Singapore recycled just 4 per cent of its textile waste last year. CNA explores how old clothes can be reused and recycled to reduce fashion waste.

Rayon of hope: Meet the people trying to give your old clothes new life

LifeLine Clothing workers collecting textiles dropped off in a yellow Cloop x LifeLine textile recycling bin in Hougang to be sent for packing in a warehouse in Johor. (Photo: CNA/Try Sutrisno Foo)

SINGAPORE: Clothing spilled out as two workers unlocked the recycling bin in an Hougang Housing Board estate. 

In less than half an hour, they filled 12 large sacks with discarded clothes, shoes and accessories, or more than 120kg of textiles from just one bin. Each team of workers can clear 18 to 20 bins daily, collecting in one day about 2 tonnes of clothes that people in Singapore have thrown away.

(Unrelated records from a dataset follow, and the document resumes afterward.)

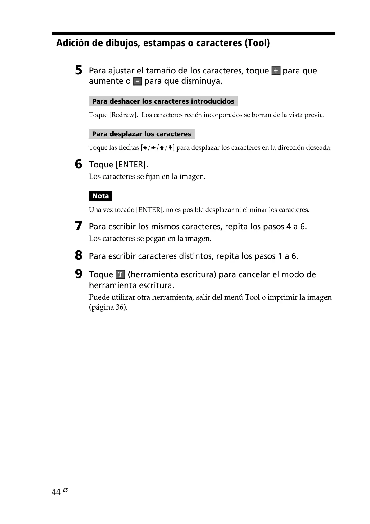 Para escribir caracteres distintos, repita los pasos 1 a 6.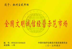 宣武市場(chǎng)成立30年來,在政府的大力支持下,不斷發(fā)展壯大,輻射淮海經(jīng)濟(jì)區(qū)1.2億人口,成為淮海經(jīng)濟(jì)區(qū)有較大影響力的市場(chǎng)之一。為了讓市民能夠放心采購,宣武市場(chǎng)的領(lǐng)導(dǎo)層狠抓市場(chǎng)誠信建設(shè),經(jīng)過多年努力,宣武市場(chǎng)不僅成為遠(yuǎn)近聞名的誠信基地,還是放心消費(fèi)示范區(qū)。
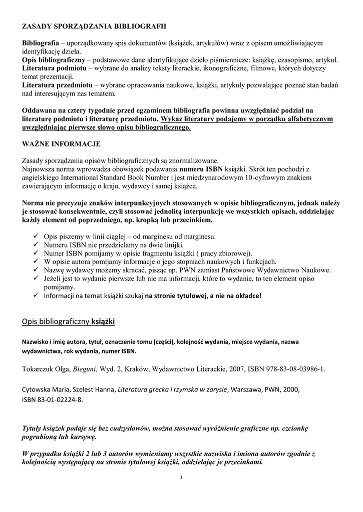 ZASADY SPORZĄDZANIA BIBLIOGRAFII Bibliografia – uporządkowany spis dokumentów (książek, artykułów) wraz z opisem umożliwiającym identyfikację dzieła. Opis bibliograficzny – podstawowe dane identyfikujące dzieło piśmiennicze: książkę, czasopismo, artykuł. Literatura podmiotu – wybrane do analizy teksty literackie, ikonograficzne, filmowe, których dotyczy temat prezentacji. Literatura przedmiotu – wybrane opracowania naukowe, książki, artykuły pozwalające poznać stan badań nad interesującym nas tematem. Oddawana na cztery tygodnie przed egzaminem bibliografia powinna uwzględniać podział na literaturę podmiotu i literaturę przedmiotu. Wykaz literatury podajemy w porządku alfabetycznym uwzględniając pierwsze słowo opisu bibliograficznego. WAŻNE INFORMACJE Zasady sporządzania opisów bibliograficznych są znormalizowane. Najnowsza norma wprowadza obowiązek podawania numeru ISBN książki. Skrót ten pochodzi z angielskiego International Standard Book Number i jest międzynarodowym 10-cyfrowym znakiem zawierającym informację o kraju, wydawcy i samej książce. Norma nie precyzuje znaków interpunkcyjnych stosowanych w opisie bibliograficznym, jednak należy je stosować konsekwentnie, czyli stosować jednolitą interpunkcję we wszystkich opisach, oddzielając każdy element od poprzedniego, np. kropką lub przecinkiem. Opis piszemy w linii ciągłej – od marginesu od marginesu. Numeru ISBN nie przedzielamy na dwie linijki. Numer ISBN pomijamy w opisie fragmentu książki ( pracy zbiorowej). W opisie autora pomijamy informacje o jego stopniach naukowych i funkcjach. Nazwę wydawcy możemy skracać, pisząc np. PWN zamiast Państwowe Wydawnictwo Naukowe. Jeżeli jest to wydanie pierwsze lub nie ma informacji, które to wydanie, to ten element opiso pomijamy. Informacji na temat książki szukaj na stronie tytułowej, a nie na okładce! Opis bibliograficzny książki Nazwisko i imię autora, tytuł, oznaczenie tomu (części), kolejność wydania, miejsce wydania, nazwa wydawnictwa, rok wydania, numer ISBN. Tokarczuk Olga, Bieguni, Wyd. 2, Kraków, Wydawnictwo Literackie, 2007, ISBN 978-83-08-03986-1. Cytowska Maria, Szelest Hanna, Literatura grecka i rzymska w zarysie, Warszawa, PWN, 2000, ISBN 83-01-02224-8. Tytuły książek podaje się bez cudzysłowów, można stosować wyróżnienie graficzne np. czcionkę pogrubioną lub kursywę. W przypadku książki 2 lub 3 autorów wymieniamy wszystkie nazwiska i imiona autorów zgodnie z kolejnością występującą na stronie tytułowej książki, oddzielając je przecinkami. 1 Książka wielotomowa: Prus Bolesław, Lalka, t. 1-3, Warszawa, Świat Książki, 2002, ISBN 83-7311-26-85. W opisie książki autora obcojęzycznego można podać nazwisko tłumacza. William Szekspir, Hamlet, przekład Józef Paszkowski, Kraków, Wydawnictwo Literackie, 2008, ISBN 978-83-7327-023-7. Opis bibliograficzny fragmentu książki Nazwisko i imię autora, tytuł, oznaczenie tomu (części), kolejność wydania, miejsce wydania, nazwa wydawnictwa, rok wydania, lokalizacja w obrębie dokumentu (zakresu stron). Jarosiński Zbigniew, Literatura lat 1945-1975, Wyd.2, Warszawa, PWN, 1996, s. 82-122. Uwaga: w opisie fragmentu pomijamy numer ISBN Opis bibliograficzny wiersza, opowiadania, rozdziału książki , (gdy cała książka jest tego samego autora) Nazwisko i imię autora, tytuł dokumentu macierzystego, oznaczenie tomu (części), kolejność wydania, miejsce wydania, nazwa wydawnictwa, rok wydania, tytuł wiersza (opowiadania lub rozdziału), lokalizacja w obrębie dokumentu (zakres stron). Borowski Tadeusz, Wspomnienia, Wiersze, Opowiadania, Warszawa, Czytelnik, 1985, U nas w Auschwitzu, s. 89-129. Miłosz Czesław, Wiersze, t.1, Kraków, Znak, 1993, Do polityka, s. 238. Opis bibliograficzny fragmentu Biblii Tytuł, miejsce wydania, nazwa wydawnictwa, rok wydania, tytuł Księgi (wszystkie człony tytułu piszemy wielką literą), lokalizacja w obrębie dokumentu (podajemy wersety nie strony). Pismo Święte Starego i Nowego Testamentu, Poznań, Pallottinum, 2009, Księga Hioba, 19,3-21,7. Pismo Święte Starego i Nowego Testamentu, Poznań, Pallottinum, 1990, Ewangelia według św. Łukasza, 1,9-2,13. Uwaga: Biblii i tytułów jej części się nie piszemy kursywą. 2 Opis bibliograficzny pracy zbiorowej (pracą zbiorową jest książką napisana przez więcej niż trzech autorów) Tytuł, pod. red. imię i nazwisko redaktora, oznaczenie tomu (części) gdy praca jest wielotomowa, kolejność wydania, miejsce wydania, nazwa wydawnictwa, rok wydania, numer ISBN. Okresy literackie, pod. red. Jana Majdy, Wyd. 3, Warszawa, WSiP, 1983, ISBN 83-02-00452-9. Poezja polska 1914-1939, antologia, wybór i oprac. Ryszard Matuszewski, Seweryn Pollak, cz. 1, Warszawa, Czytelnik, 1984, ISBN 83-07-00395-4 . Opis pracy zbiorowej rozpoczynamy od tytułu, w informacje o redaktorze pomijamy jego stopnie naukowe ( np. mgr, dr, prof. itp.). Opis bibliograficzny rozdziału (artykułu) pracy zbiorowej Nazwisko i imię autora rozdziału, tytuł rozdziału, w: tytuł dokumentu macierzystego, pod. red. imię i nazwisko redaktora, oznaczenie tomu, miejsce wydania, kolejność wydania, nazwa wydawnictwa, rok wydania, lokalizacja w obrębie dokumentu (zakresu stron). Królikiewicz Grażyna, Romantyzm, w: Okresy literackie, pod. red. Jana Majdy, Wyd. 3, Warszawa, WSiP, 1983, s. 171-215. Ile Stanisław, Legenda Żeromskiego, w: Z problemów literatury polskiej XX wieku, t.1, Warszawa, PIW, 1965, s. 262-278. Opis bibliograficzny hasła w encyklopedii, słowniku Hasło, w: tytuł encyklopedii, miejsce wydania, wydawnictwo, rok wydania, zakres stron. Romantyzm, w: Literatura i nauka o języku, encyklopedia szkolna, red. Andrzej Z. Makowiecki, Warszawa, WSiP, 1995, s. 662-671. W przypadku hasła autorskiego podajemy nazwisko i imię autora hasła. Lam Andrzej, Dadaizm w: Literatura polska XX wieku, przewodnik encyklopedyczny, t.1, red. nauk. Artur 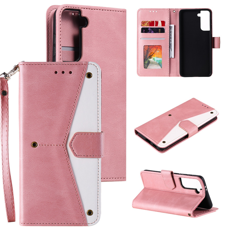 💖[style]: Fashion Color matching Flap Insert card Supportable Buckles Wallet Hand rope Mobile phone case leather case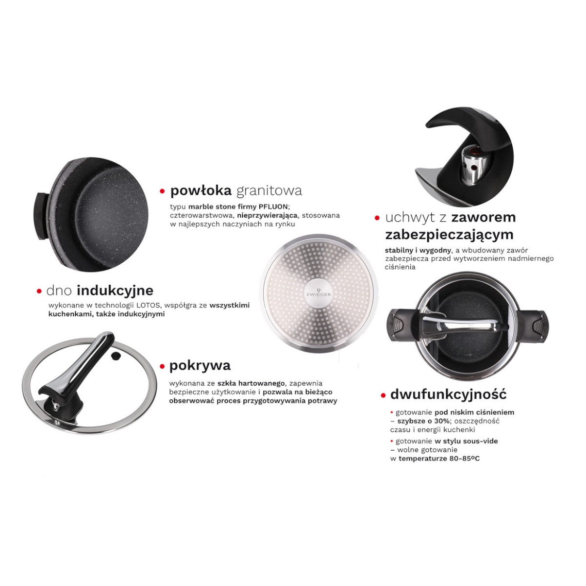- dwufunkcyjność – gotowanie pod niskim ciśnieniem – szybsze o 30 %; oszczędność czasu i energii kuchenki; gotowanie w stylu sous-vide – wolne gotowanie w temperaturze 80-85 oC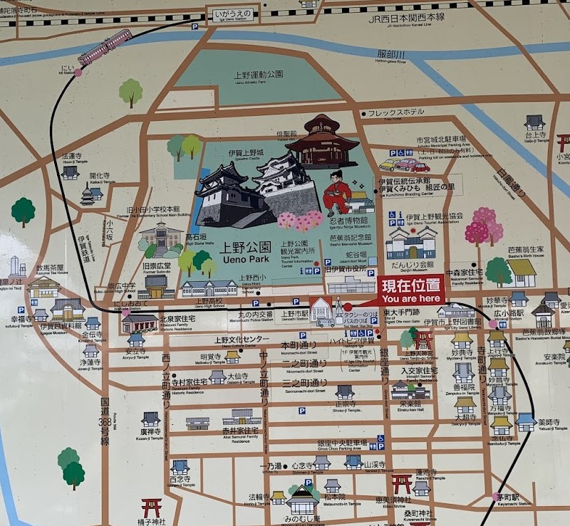 In the middle is Ueno-shi Station on the Iga Railway. Ueno Park, where the castle and Ninja Museum are located, is nearby.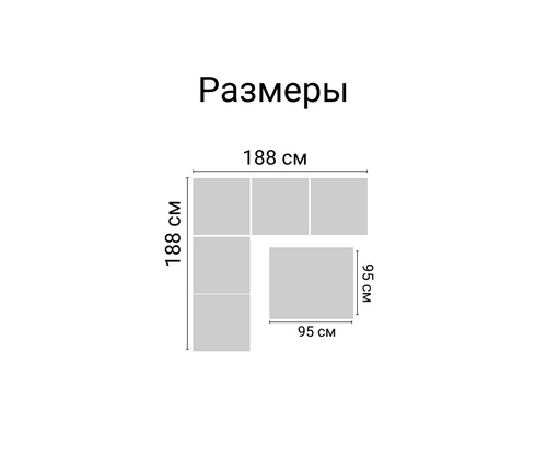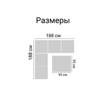 угловой диван: длина - 188, ширина - 188, высота - 75,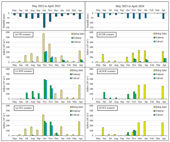 Figure 8 summarizes the monthly flows entering Balog Channel, Fishway, and Culvert for the NR, SOP, and SUI scenarios in wet (May 2022 to April 2023) and dry years (May 2023 to April 2024). The monthly rainfall distribution for both years follows a distinct seasonal pattern, with the wet year exhibiting greater rainfall variability compared to the dry year. Specifically, the wet year is characterized by a wetter winter (June to August) and spring (September to November), a drier summer (December to February), and a comparable rainfall pattern in autumn (March to May). The monthly total inflow to Balog Channel under the NR scenario (Figure 8a,b) is higher than the combined Fishway and Culvert flows to Baenschs Wetland, with peak flows occurring in October (580 × 103 m3) and November (370 × 103 m3) during the wet year, and in December (240 × 103 m3) and January (230 × 103 m3) during the dry year. The Balog inlet would receive inflow year-round under the NR scenario, while the Fishway and Culvert outlets activate only in high-rainfall months. Excessive inflow to Balog during high rainfall events may surpass the storage capacity, causing the risk of overtopping Balog Channel (Section 3.2). High water levels would be expected year-round in Sparrovale Wetland. Similarly, the dependence of the Fishway and Culvert operation during high rainfall events may cause seasonal disparity and prolonged drying periods in Baenschs Wetland.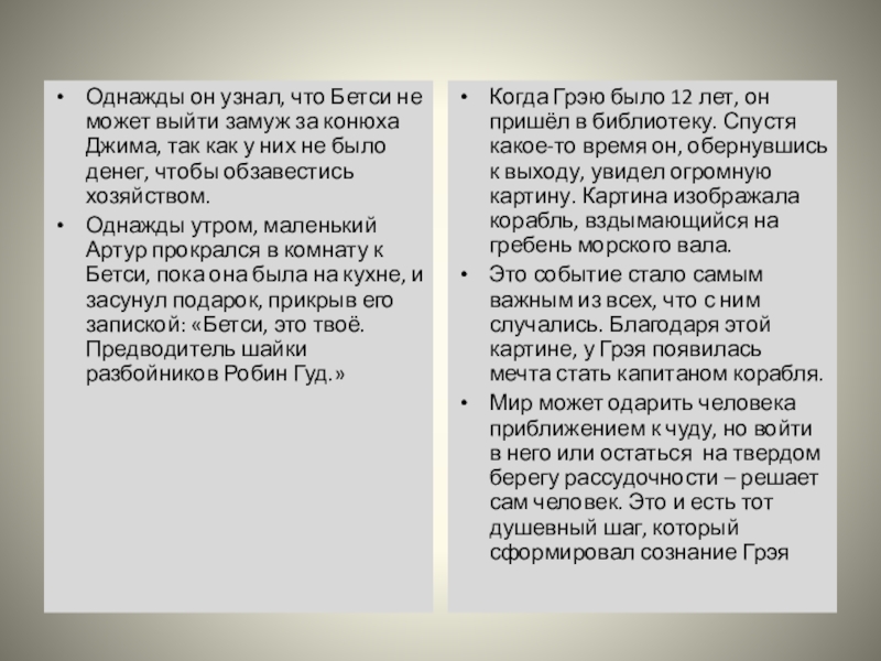 Мир может одарить человека приближением к чуду, но войти в него или остаться на твердом берегу рассудочности – решает сам человек. Это и есть тот душевный шаг, который сформировал сознание Грэя

You may have spotted these bright yellow textile recycling bins which have sprouted up around Singapore in the last six months. There are now 114 bins and counting – more will be set up soon, making it a total of about 200 by the end of the year.

Cloop founder Jasmine Tuan, whose social enterprise aims to reduce fashion waste, calls it the “missing bin” that Singapore needs.

“All these years, we have the general waste bin, we have the blue bin which accepts only four materials which are paper, plastic, glass and metal. 

“What about textiles? There's no specific bin just to collect textile waste,” she said.

Clothing in good condition can be donated to charities, but charitable organisations are “overburdened” by such donations, she said. What about textiles that are worn, stained or torn?

“How about the not-so-good ones? Where do they go?” she asked. “We can't put them in the blue bin, we can't put them in the green bin. This textile recycling bin is the bin to go to.”

LifeLine Clothing workers loading discarded clothing picked up in Hougang onto a lorry. (Photo: CNA/Try Sutrisno Foo)


Singapore generated 189,000 tonnes of textile and leather waste last year. Only 4 per cent of this, or 7,000 tonnes, was recycled. 

Responding to CNA queries, the National Environment Agency (NEA) said that the high diversity of materials that make up a typical piece of clothing makes textile waste challenging to recycle.

Clothes are often made from a mixture of fabrics and fibres, and usually come with zips, buttons, velcro and other bits. There is also a multitude of dyes and finishings, such as water-repellent coating.

The processes involved in recycling textiles are labour-intensive, require many steps and the reproduced material is often of a lower quality, said NEA. 

Singapore does not have any textile or leather recycling facilities, so all such waste that gets recycled is exported, the agency added. Most of these are used clothing exported for reuse and the quantity of such exports has decreased since 2018. 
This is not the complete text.